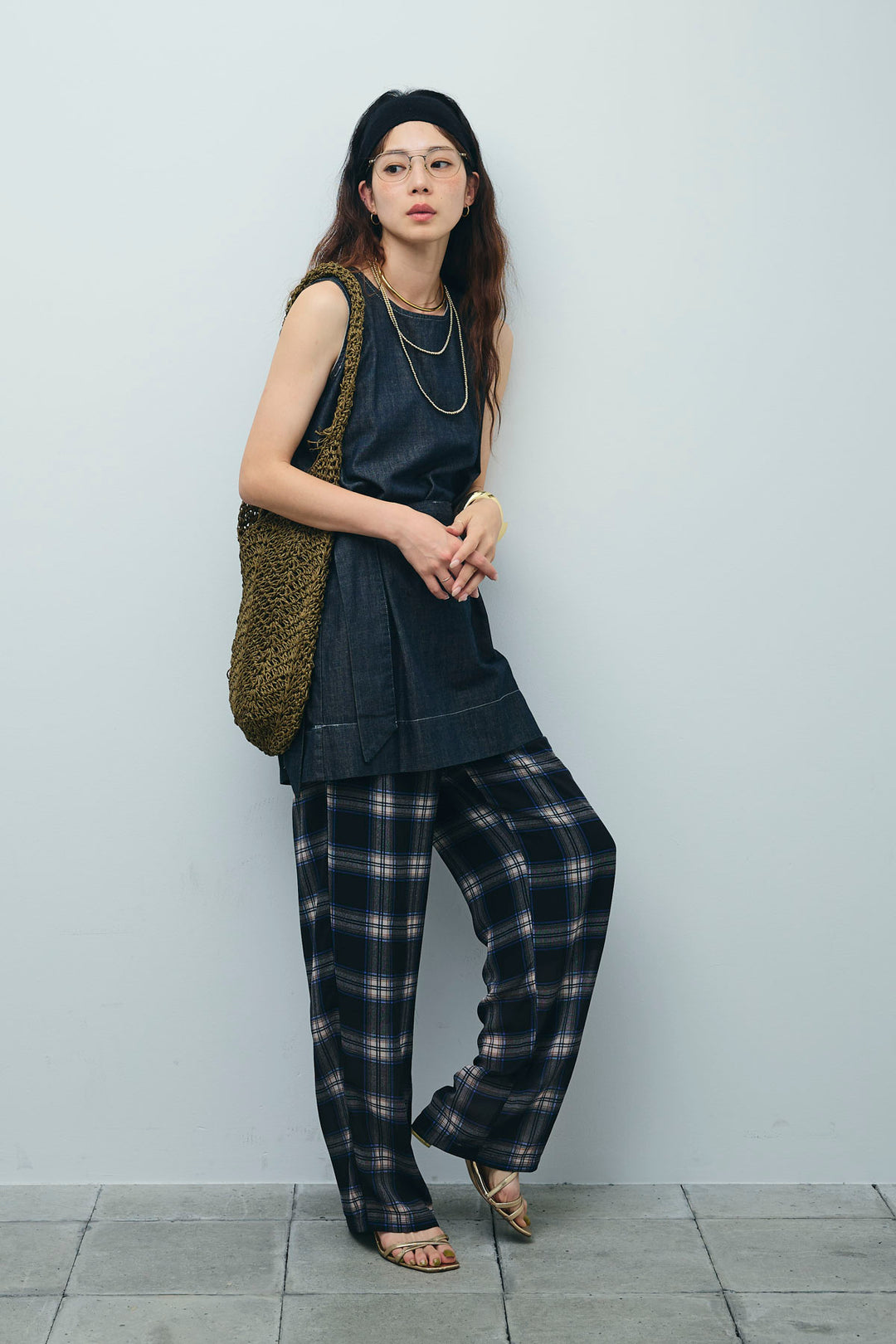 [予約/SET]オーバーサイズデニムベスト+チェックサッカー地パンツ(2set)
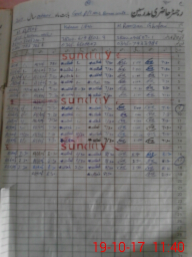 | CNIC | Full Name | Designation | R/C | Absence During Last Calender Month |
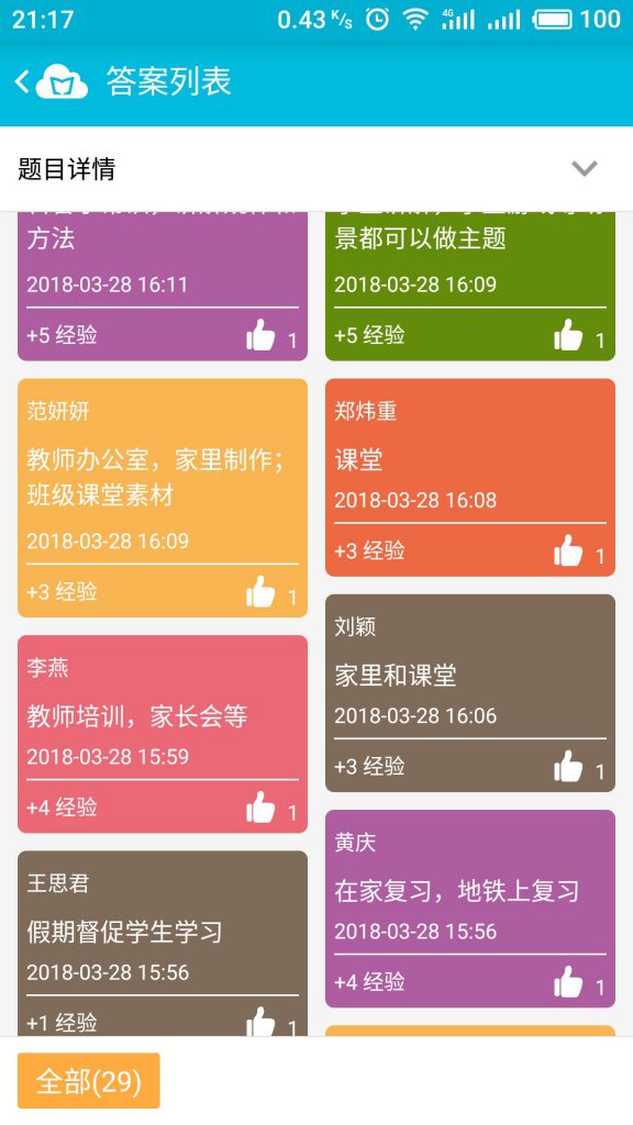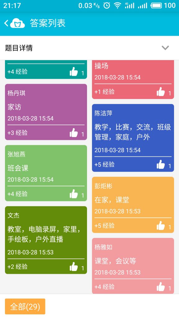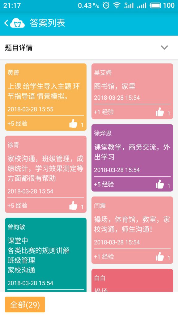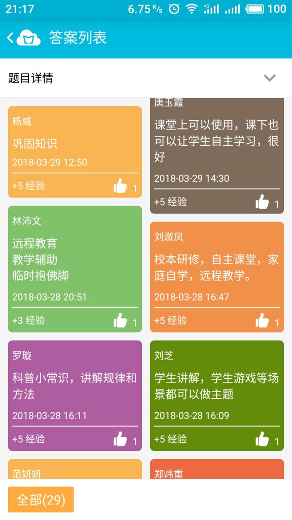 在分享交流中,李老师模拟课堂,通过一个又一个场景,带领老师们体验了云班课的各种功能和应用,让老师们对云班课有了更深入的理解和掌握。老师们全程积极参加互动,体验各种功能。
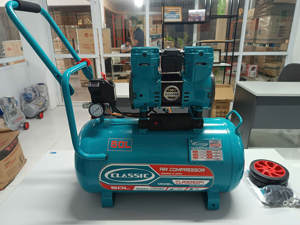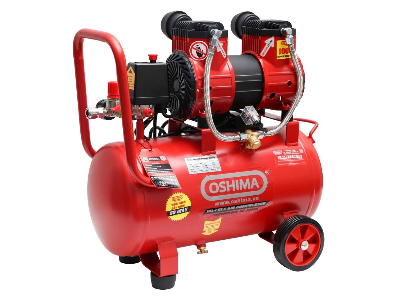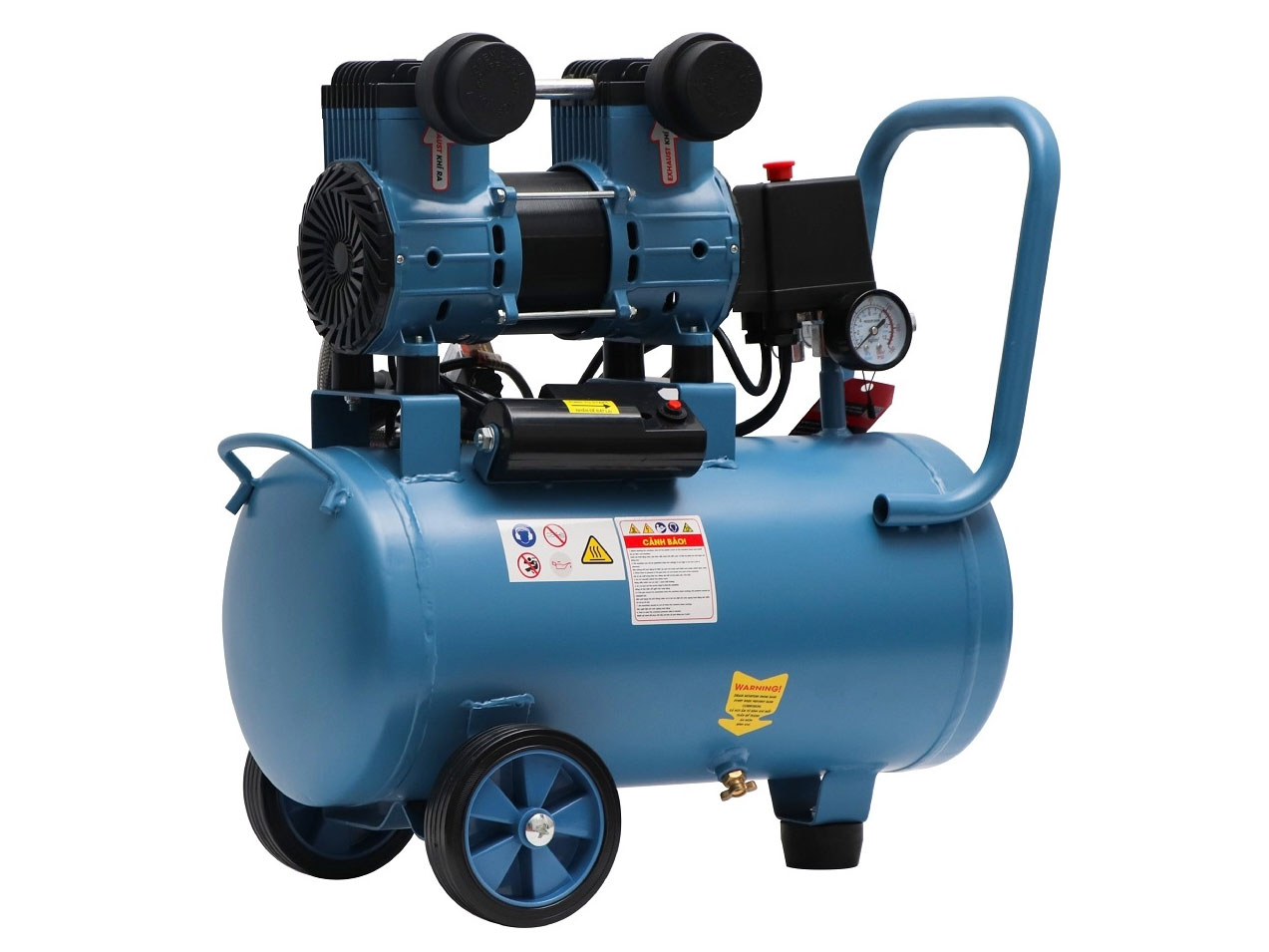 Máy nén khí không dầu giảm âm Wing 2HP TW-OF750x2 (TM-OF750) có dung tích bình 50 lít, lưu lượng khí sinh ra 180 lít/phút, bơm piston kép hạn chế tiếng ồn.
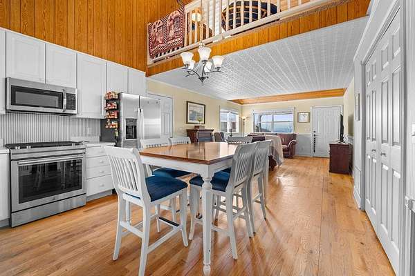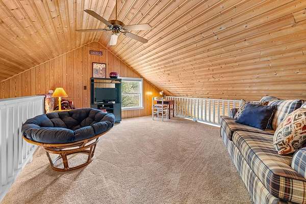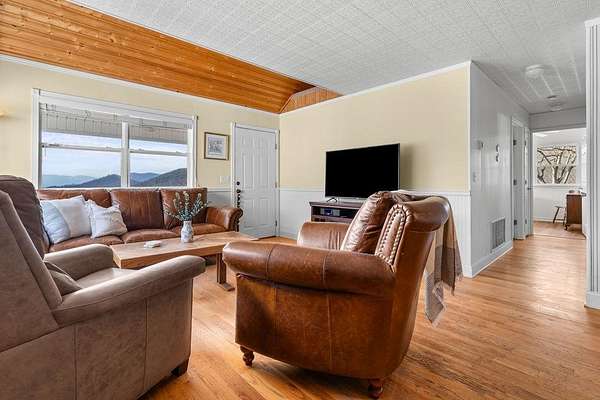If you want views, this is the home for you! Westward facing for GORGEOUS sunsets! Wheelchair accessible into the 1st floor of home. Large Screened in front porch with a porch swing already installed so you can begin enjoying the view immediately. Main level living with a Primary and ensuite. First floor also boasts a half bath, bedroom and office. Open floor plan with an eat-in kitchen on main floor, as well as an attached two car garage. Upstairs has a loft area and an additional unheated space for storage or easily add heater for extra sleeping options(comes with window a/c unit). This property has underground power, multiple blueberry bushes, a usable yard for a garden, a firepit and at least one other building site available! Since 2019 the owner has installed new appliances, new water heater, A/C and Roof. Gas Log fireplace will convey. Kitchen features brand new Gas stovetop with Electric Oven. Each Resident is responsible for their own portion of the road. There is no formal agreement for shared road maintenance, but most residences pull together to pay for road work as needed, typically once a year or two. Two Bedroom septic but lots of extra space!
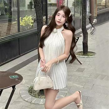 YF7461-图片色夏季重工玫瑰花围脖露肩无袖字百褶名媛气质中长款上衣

========================================================================

**PROBLEM DETAILS:** Give again, word for word, every line from the top of the data through the line with "在分享交流中,李老师模拟课堂", both ends included, and exclude the pictures.

**WRITTEN ANSWER:**
 [予約/SET]オーバーサイズデニムベスト+チェックサッカー地パンツ(2set)
 | CNIC | Full Name | Designation | R/C | Absence During Last Calender Month |
 在分享交流中,李老师模拟课堂,通过一个又一个场景,带领老师们体验了云班课的各种功能和应用,让老师们对云班课有了更深入的理解和掌握。老师们全程积极参加互动,体验各种功能。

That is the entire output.